In the early days of the internet, the Web’s surface was relatively smooth and its “gravitational force” was weak. You could random walk without getting sucked into any black holes. During the 2010s, social media platforms “dug into the Web surface, dragging activities down their slopes … As a result of this magnetic-like attraction, caused by the web slope, Internet users slowly slide down the slope in a digital drift,” writes Louise Druhle. The virus has likely accelerated this process because it’s pushed so much cultural activity online.

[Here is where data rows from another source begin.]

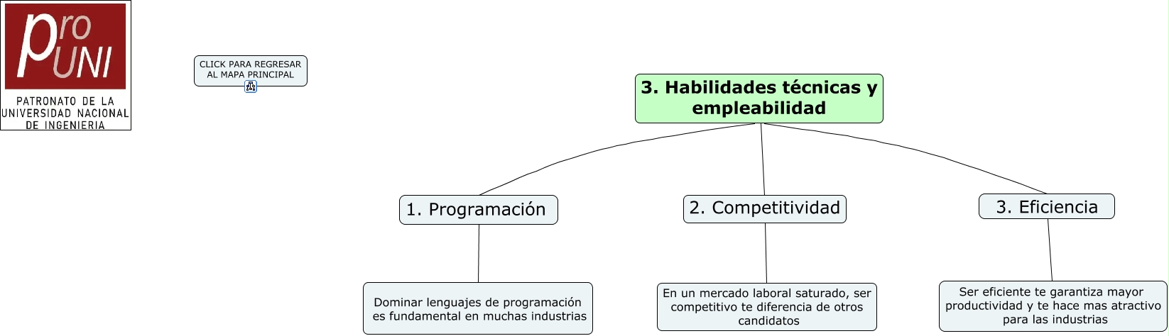 Este Cmap, tiene información relacionada con: 3. Habilidades técnicas y empleabilidad, 3. Eficiencia Ser eficiente te garantiza mayor productividad y te hace mas atractivo para las industrias, 3. Habilidades técnicas y empleabilidad 2. Competitividad, 2. Competitividad En un mercado laboral saturado, ser competitivo te diferencia de otros candidatos, 3. Habilidades técnicas y empleabilidad 3. Eficiencia, 3. Habilidades técnicas y empleabilidad 1. Programación, 1. Programación Dominar lenguajes de programación es fundamental en muchas industrias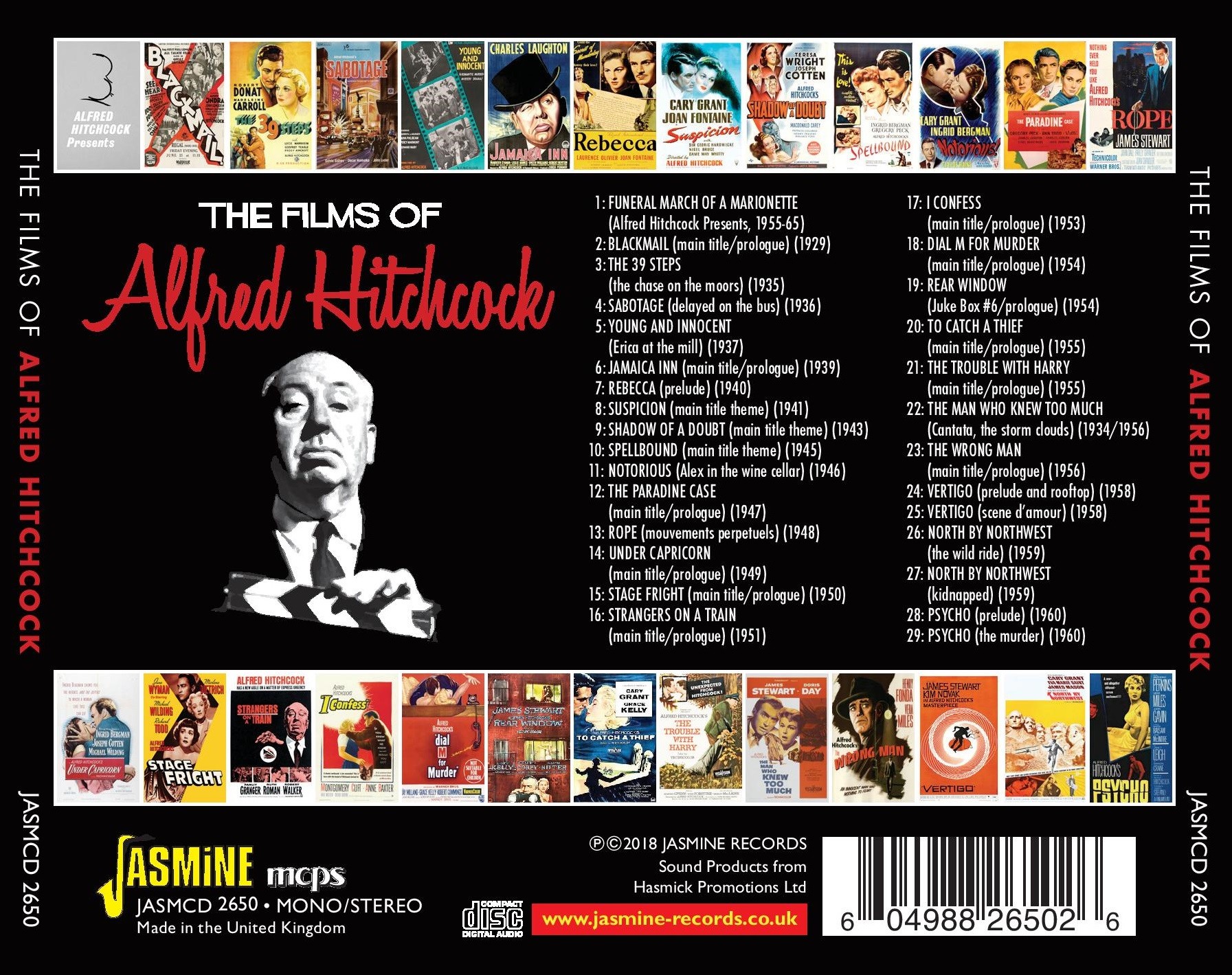 This unique compilation features main title themes and signature music from twenty-five of his biggest movies, proceded by 'Funeral March Of A Marionette', the theme to his hugely-popular TV series, 'Alfred Hitchcock Presents' (CBS/NBC, 1955-65).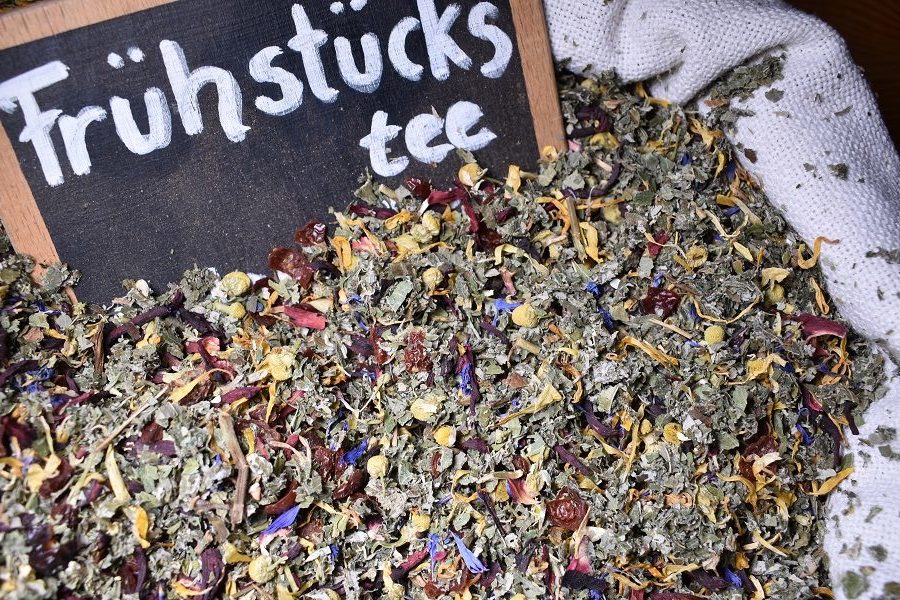 Aufwecker mit Hagebuttenschalen, Hibiskus, Himbeerblätter, Brombeerblätter, Kamille, Pfefferminze, Ringelblume und Kornblume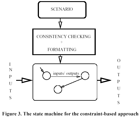 Constraint-based approaches are based on constraint programming and are characterized by a formatting phase that computes starting times and durations, as required by the scenario. This formatting phase can be seen as a compilation of a declarative specification into an operational structure, which can be interpreted by the presentation phase. Thus, the author specifies what scenario he needs without involvement of how to get the result in terms of operational actions, in a declarative way.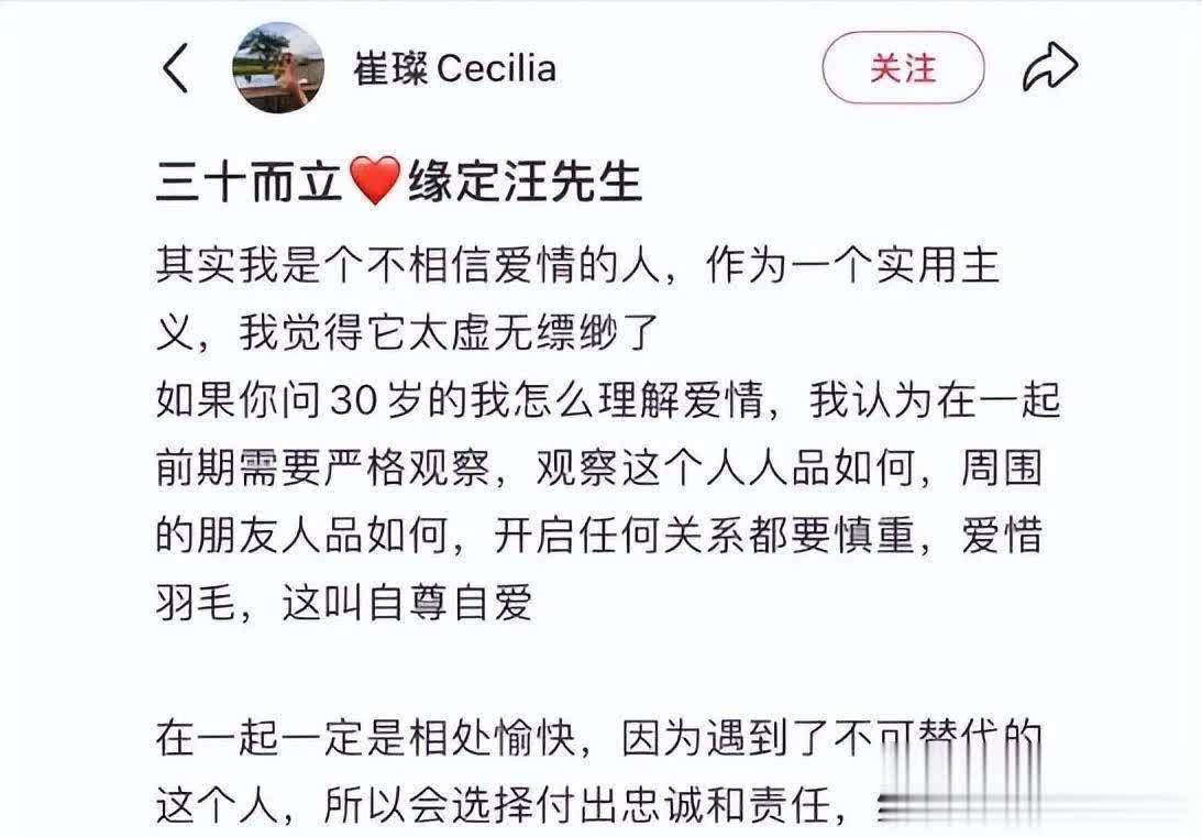 然而,崔璨却在社交平台上表达了她对汪雨深厚的感情。汪雨已年过三十,对于爱情的信心逐渐变得谨慎,结婚对他来说是件需要特别慎重的事。但对于崔璨来说,汪雨却是她生命中不可或缺的存在。她的每一句话里,都充满了幸福的光辉,像是看到了命中注定的那个他。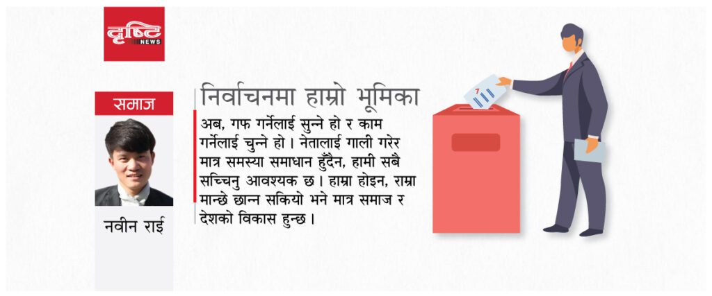 अब, गफ गर्नेलाई सुन्ने हो र काम गर्नेलाई चुन्ने हो । नेतालाई गाली गरेरमात्र समस्या समाधान हुँदैन, हामी सबै सच्चिनु आवश्यक छ । हाम्रा होइन, राम्रा मान्छे छान्न सकियो भने मात्र समाज र देशको विकास हुन्छ ।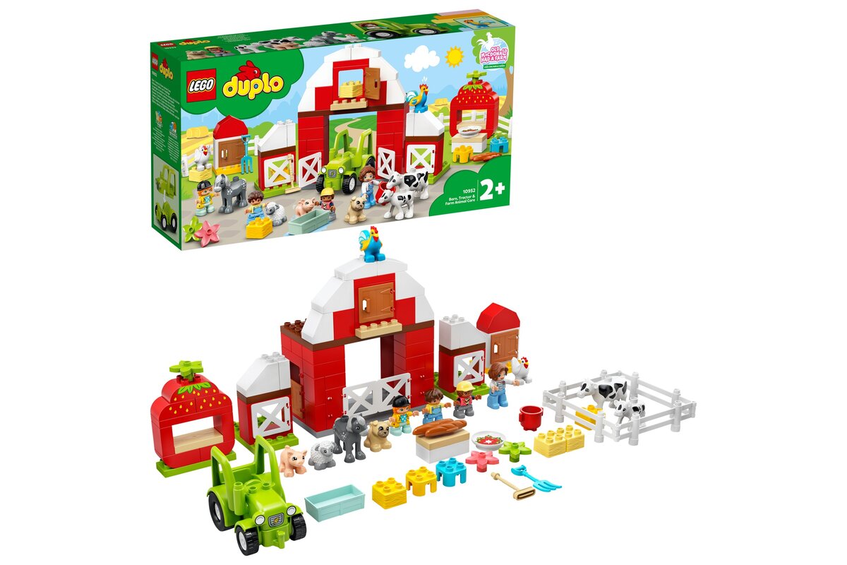 Das **LEGO® DUPLO® Set „Scheune, Traktor und Tierpflege“** (10952) lässt Kleinkinder spielerisch lernen. Der witzige Bauernhof ist das perfekte entwicklungsfördernde Spielzeug für Kleinkinder, die Tiere oder Traktoren lieben.Spielzeug-Bauernhof für KleinkinderDer LEGO® DUPLO® Bauernhof lädt zum Spielen mit den Gebäuden und dem Traktor ein. Kinder können verschiedene Tiere (Pony, Schwein, Hund, Schaf, Kühe, Hahn und Henne) versorgen und dabei feinmotorische Fähigkeiten und sozial-emotionale Kompetenz entwickeln.Entwicklungsförderndes Spielzeug für KleinkinderMit LEGO DUPLO Spielzeug lernen Kinder ganz spielerisch. DUPLO Spielsets lassen Eltern und Kleinkinder miteinander spielen und wichtige Entwicklungsschritte gemeinsam erleben. - Das LEGO® DUPLO® Spielset „Scheune, Traktor und Tierpflege“ (10952) bietet Kleinkindern, die Tiere und landwirtschaftliche Fahrzeuge lieben, viele Spiel- und Lernmöglichkeiten. - Beinhaltet einen Traktor, diverse Tiere (Schwein, Schaf, Pferd, Hund, Henne, Hahn und 2 Kühe), 4 LEGO® DUPLO® Figuren, eine baubare Scheune, einen Heuballen und jede Menge cooles Zubehör. - Beim Füttern der Tiere und beim Reiten entwickeln Kinder Fantasie, feinmotorische Fähigkeiten und sozial-emotionale Kompetenz. - Ein fantastisches Set für kleine Landwirte ab 2 Jahren und ein cooles Geschenk zu jedem Anlass für Tierfreunde, Traktorfans und neugierige Kinder. - Die Scheune ist 23 cm hoch, 20 cm breit und 11 cm tief. Das Spielset lässt sich vielseitig anordnen und mit anderen LEGO® DUPLO® Bauernhof-Spielzeugen kombinieren. - Die Bauanleitung beinhaltet eine lustige Bildergeschichte mit Modellen aus dem Set. Das Vergnügen beschränkt sich also nicht nur auf kreatives Bauen und fantasievolles Spielen. - Alle LEGO® DUPLO® Spielsets enthalten kindgerechte entwicklungsfördernde Funktionen, die Eltern und Kinder miteinander spielen lassen. - LEGO® DUPLO® Spielsets erfüllen bereits seit 1969 die strengen Qualitätsstandards der Branche, damit kleine Finger die Elemente leicht greifen, zusammenstecken und wieder trennen können. - LEGO® DUPLO® Steine und Teile werden Fall-, Hitze-, Druck- und Torsionstests unterzogen und gründlich analysiert, damit sie den hohen Standards für Kindersicherheit genügen. Achtung! Nicht für Kinder unter 36 Monaten geeignet. Enthält verschluckbare Kleinteile. Erstickungsgefahr.
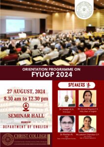 The Orientation Programme for FYUGP students of S1 BA English Major (2024 Admission) was held on 27th August 2024 at Christ College, Vizhinjam. Dr. Joseph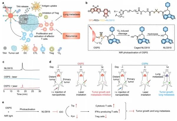 (e)OSPS介导的NIR光活化**症免疫**的总结图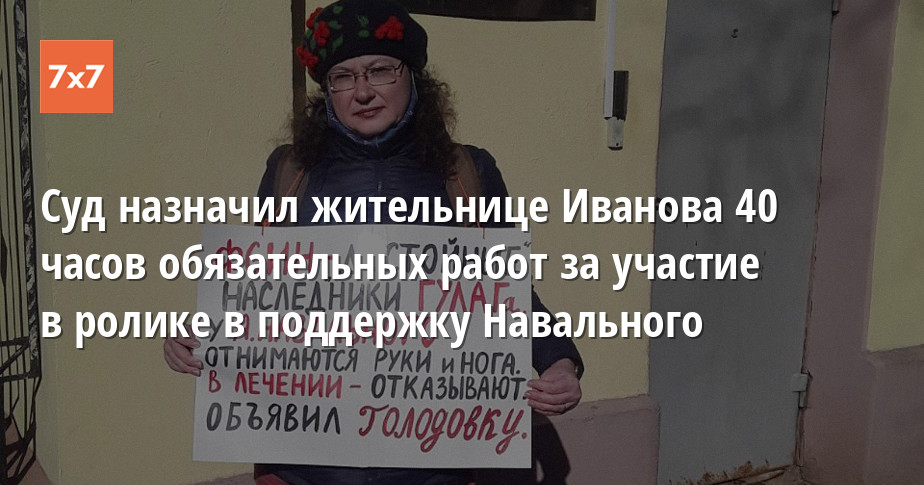 Суд назначил жительнице Иванова 40 часов обязательных работ за участие в ролике в поддержку Навального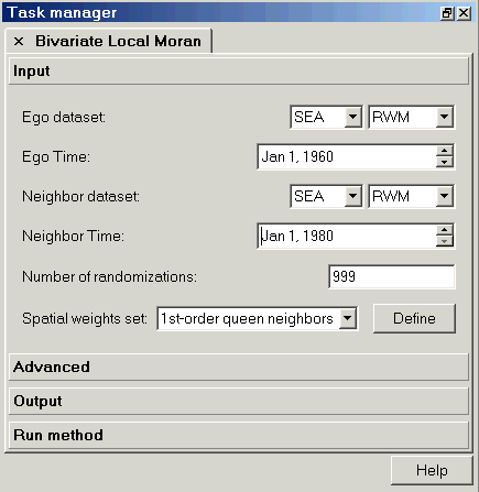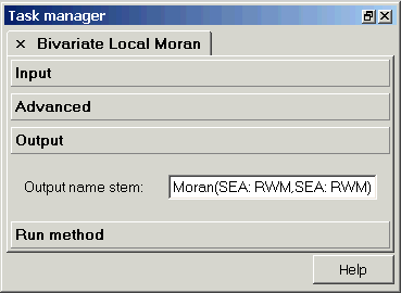 The output section of the task manager for the Bivariate Local Moran asks for a name stem to use for output files. The default name for analyses on the two times shown in the image of the input screen for the dataset "RWM" in the geography called "SEA" (State Economic Areas) is shown below.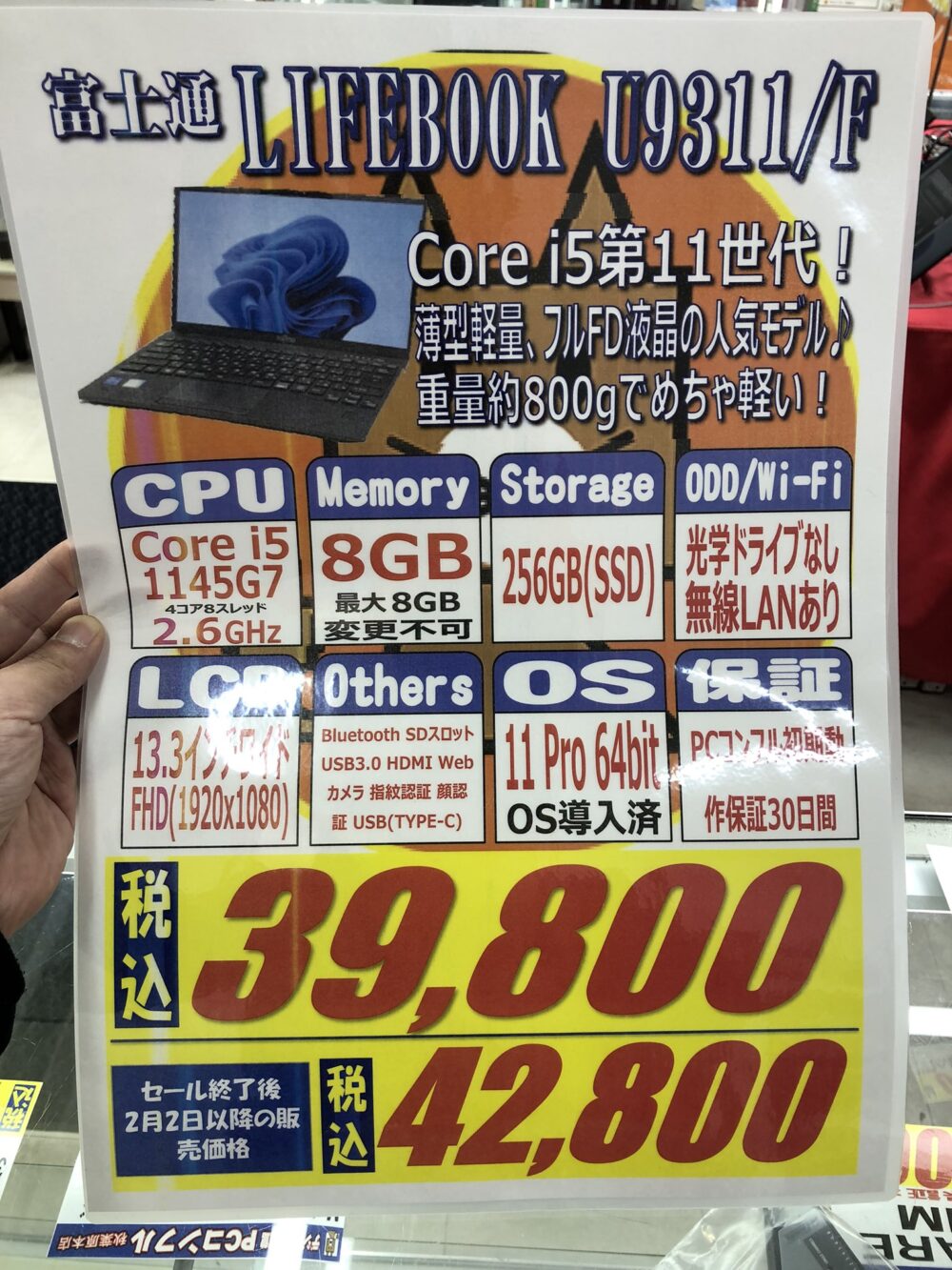 富士通「LIFEBOOK U9311/F」 税込39,800円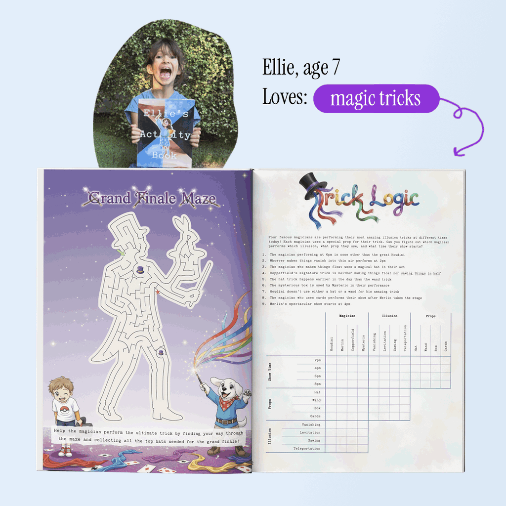 Their unique interests become personalized puzzles, mazes, crosswords, drawings, and more.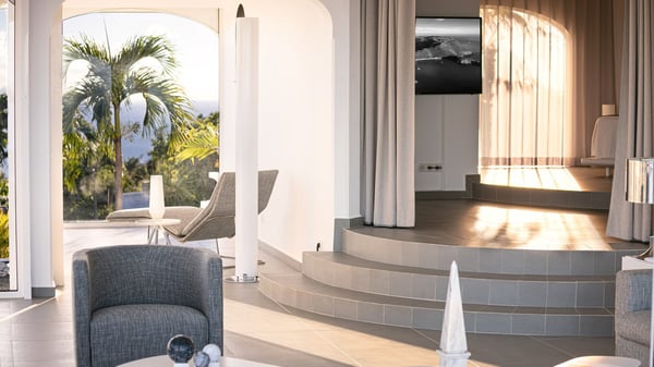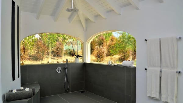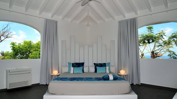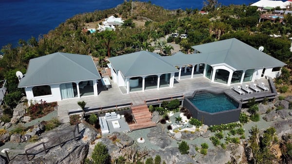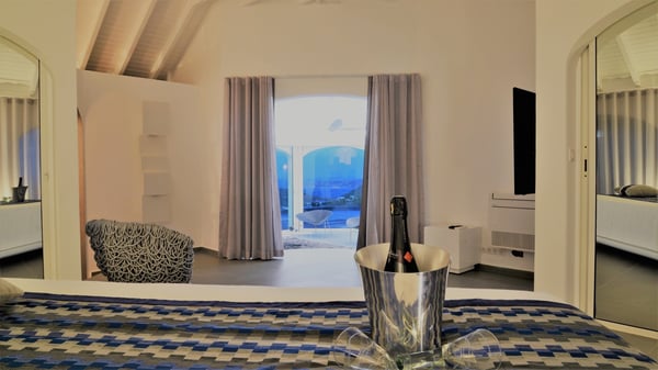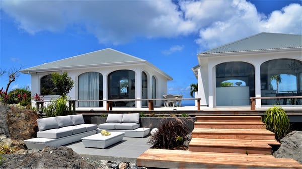 Located at the top of Colombier Hill, the luxurious vacation rental Byzance is an outstanding property opening onto a spectacular view over the ocean and the green landscapes of St-Barthelemy. In an ancient Greek striking white decor coming with columns and hand-painted frescoes, the atmosphere is most peaceful and quiet. This luxury property in Saint Barths is built on one level in front of the panoramic view, with large windows opening onto the terrace letting the mild air of St. Barths blow in. The living room is composed of a comfortable sofa and armchairs around a coffee table in the sleek and contemporary style of Villa Byzance. The dining room welcomes guests around a beautiful glass table with comfortable chairs under a beautiful modern hanging light and a vaulted white ceiling. The kitchen is very spacious and well-equipped to cook delicious meals to be enjoyed facing the ocean and the bay of Petite Anse, the island of Bonhomme and the horizon. Outside, there is a large sunny terrace with a beautiful swimming pool and a jacuzzi in front of a stunning ocean view. This is the very best place to enjoy the sumptuous sunrises and sunsets of St. Barths, as a marvellous glowing show. Sun loungers are set up for pleasant relaxing sessions in the quiet. There is also another small terrace very well furnished with sofas and a coffee table perfect for talking and relaxing in front of the unforgettable view in the trade winds gently blowing. The vegetal environment provides a fresh and lovely touch to the whole, with white flowers, cacti and rocky areas also bringing a mineral character. The vacation villa Byzance is ideal for two couples travelling together. There are two beautiful air-conditioned bedrooms located on either side of the living room for utmost privacy. Each bedroom has a king-size bed, a comfortable sitting area and an en-suite bathroom. You will be charmed by the sense of space and volume created in these night spaces, in perfect harmony with the quiet you’re looking for for your next vacation in Saint Barths.

The slope and gravity of a media platform exerts an influence on browsing behavior. Source: Critical Atlas of Internet

Sometimes you can sense the current pushing you this way or that. Other times, you’re totally in the dark. It’s certainly possible to swim against the current, but it takes a lot of effort and awareness. You usually end up in a digital “neighborhood” without quite remembering how you got there. The veterans of a particular subculture are its timekeepers, and they live in its present. They’ve seen enough people “come of age” that they have a sense of the well-trodden routes and the traps people tend to fall into.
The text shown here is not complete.